The Company recorded transaction costs of $4,124 related to the Envigo acquisition for the year ended September 30, 2021.

On November 5, 2021, pursuant to the Merger Agreement, the Company issued 8,245,918 of the Company’s common shares to the stockholders of Envigo at the closing of the Envigo Acquisition. The shares were issued in reliance upon the exemption from the registration requirements of the Securities Act of 1933, as amended (the “Securities Act”), provided by Section 4(a)(2) of the Securities Act and Regulation D thereunder as sales by an issuer not involving any public offering.

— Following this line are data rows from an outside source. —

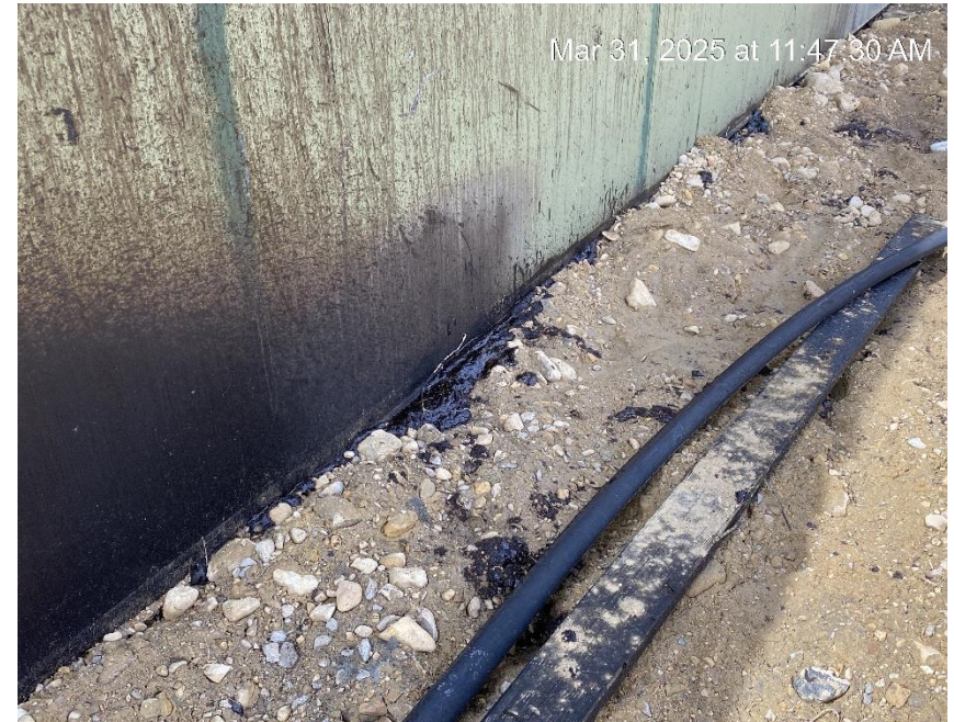
Oily waste and stained soil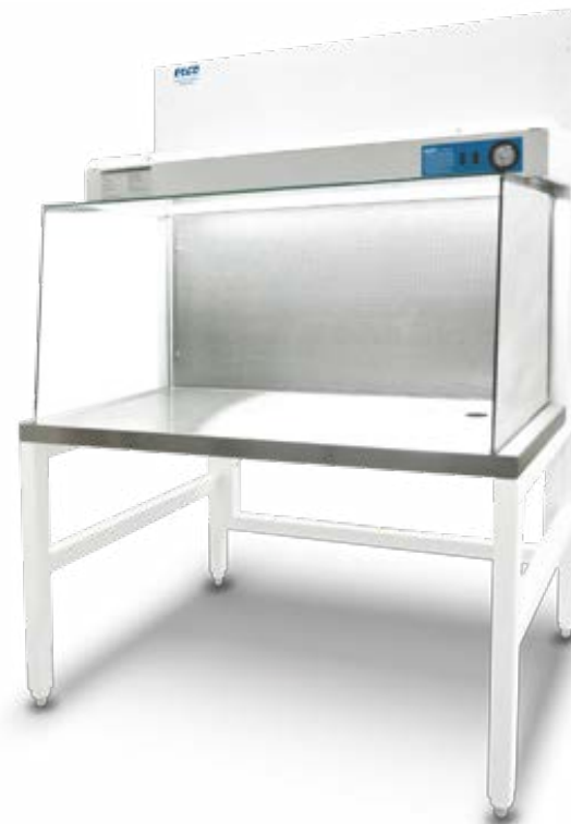
Airstream® Horizontal Laminar Flow Clean Bench For Plant Tissue Culture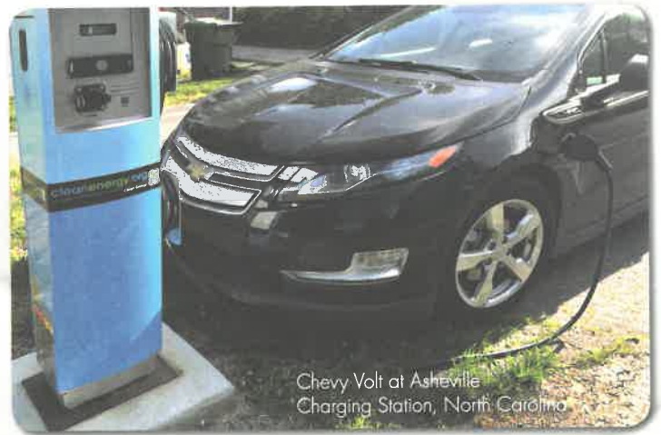
Chevy Volt at Asheville Charging Station, North Carolina

The Southern Alliance for Clean Energy (SACE) promotes responsible energy choices that work to address the impacts of global climate change and ensure clean, safe and healthy communities throughout the Southeast.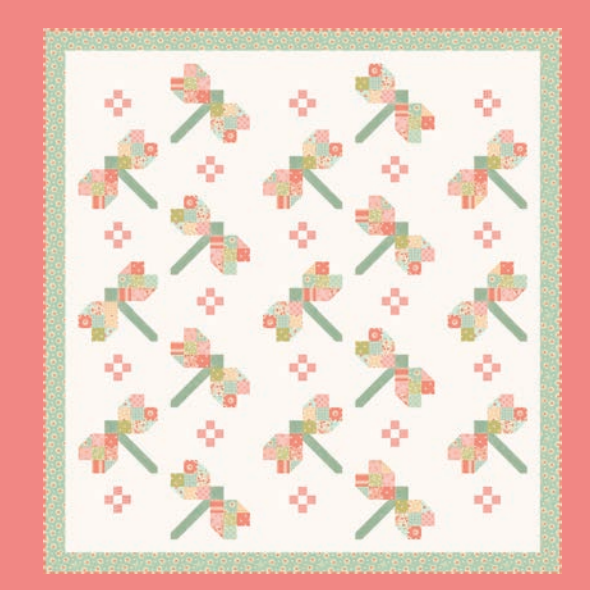
Dragonfly Patches 59" x 62" Only available with purchase of Collector Series Tin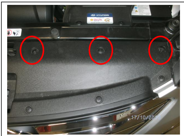
Figure 1: Top of radiator support between headlights. Passenger side shown.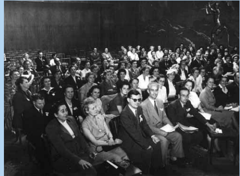
Delegates at WCPT's inaugural meeting on the morning of 8 th September 1951, in the Ingeniorhuset Restaurant, Copenhagen.

It was, and remains, the only organisation representing all physical therapists from every corner of the world.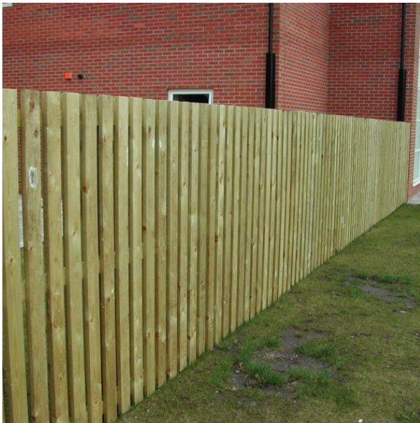
Timber hit and miss fence – 1.8m high between plot boundaries

Plot boundaries between each dwelling to received a timber screen fence as follows: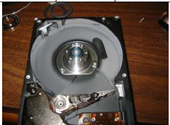
Here's another close-up of the inside of the drive housing. I had wiped my finger on the inside of the housing before shooting this picture.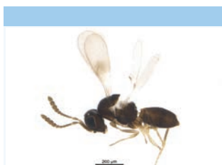
[Lateral] Platygasteridae BIN URI: BOLD:AAU9340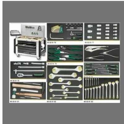
Stahlwille Premium Tool Trolley And Tools Set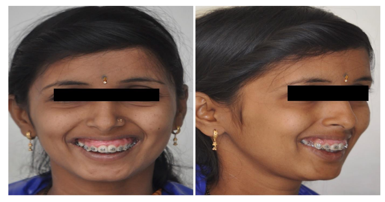
FIGURE 5: Treatment progress- Extra oral photographs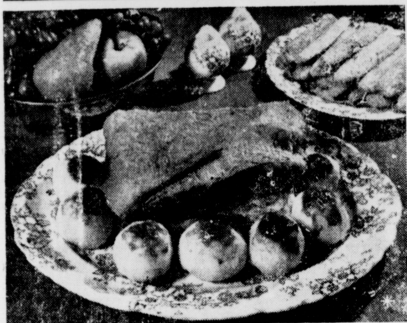
When the family dinner features brisket of beef, good flavor and hearty satisfaction await you! This thrifty cut is simmered gently to delicious tenderness...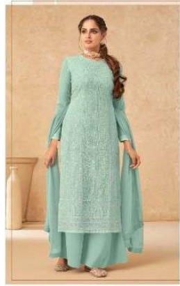
-: 41017 :-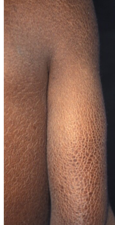
Figure 4: Representation of acquired ichthyosis on the trunk and limb.

Xerosis refers to dryness of the skin, while acquired ichthyosis presents as cutaneous xerosis together with polygonal thin flat squames of varied sizes principally in the extremities (Figure 4). About 67% of patients infected with HTLV-1,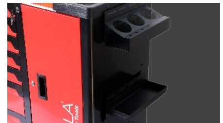
6 Heavy-Duty Construction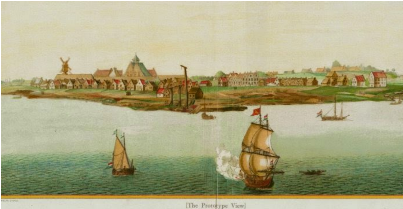
New Amsterdam, circa 1660.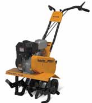
Poulan Pro HDF900 960820017 Tiller

On November 5, 2021, pursuant to the Merger Agreement, the Company entered into a Shareholders Agreement  with certain stockholders of Envigo. On November 4, 2021, the Board of Directors of the Company (the “Board”) expanded the size of the Board to seven members and appointed Nigel Brown, Ph.D. and Scott Cragg to the Board pursuant to the terms of the Shareholders Agreement. On November 5, 2021, Richard A. Johnson, Ph.D. tendered his resignation as a director of the Company, to be effective automatically upon notice to Dr. Johnson from the Company that the Board is prepared to elect the Approved Director as provided in the Shareholders Agreement.  

On November 5, 2021, the Company repaid all indebtedness related to the FIB credit facility as described in Note 7.

On November 5, 2021, the Company, certain of subsidiaries of the Company, the lenders party thereto, and Jefferies Finance LLC, as administrative agent, entered into a Credit Agreement (the “New Credit Agreement”). The New Credit Agreement provides for a term loan facility in the original principal amount of $165 million, a delayed draw term loan facility in the original principal amount of $35 million (available to be drawn up to 18 months from the date of the New Credit Agreement), and a revolving loan facility in the original principal amount of $15 million. In addition, the New Credit Agreement provides for an aggregate combined increase of the revolving loan facility and the term loan facility of up to $25,000, which amount will be available to be drawn once the delayed draw term loan facility is no longer available. On November 5, 2021, the Company borrowed the full amount of the term loan facility, but did not borrow any amounts on the delayed draw term loan facility or the revolving loan facility.